Stifle – and particularly elbow – replacement surgeries, however, remain technically much more challenging with higher complication rates associated and these remain salvage procedures, only appropriate once all other management regimes have failed. It must be remembered, in a high percentage of cases, OA affects multiple joints. Therefore, even following a successful total joint replacement, ongoing management of disease in other joints may still be required although replacement of the most severely affected joint should certainly facilitate this.
In cases where total joint replacement is not feasible, arthrodesis may be a suitable alternative. Arthrodesis relieves the pain associated with end-stage OA, but obliterates motion at the joint and is, therefore, better suited to lower motion joints, such as the carpus and tarsus. Shoulder arthrodesis is well tolerated, but can be technically challenging (Figure 6).

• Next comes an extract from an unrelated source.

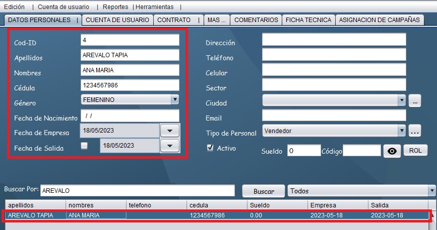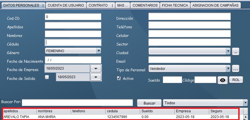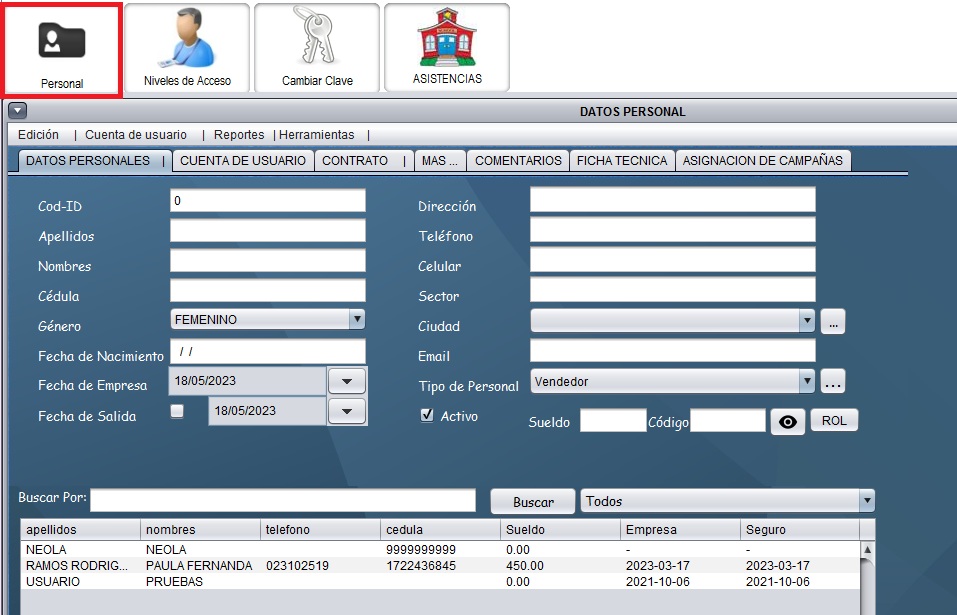 - En la parte inferior, con doble clic seleccione el personal al que le creará la cuenta de usuario
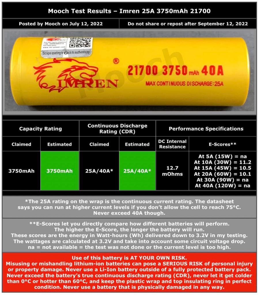 Mooch tested an Imren 21700 cell and describes it as a “good performer.”

Arthrodesis of the stifle – and particularly the elbow – result in profound gait abnormalities and careful case selection and client communication are critical in these cases. In the author’s experience, mobility following amputation may be better than that following elbow arthrodesis, as long as amputation is not precluded by severe disease in other joints. Arthrodesis of the hip is not possible and, in cases where total hip replacement is not an option, femoral head and neck excision is the salvage surgery of choice.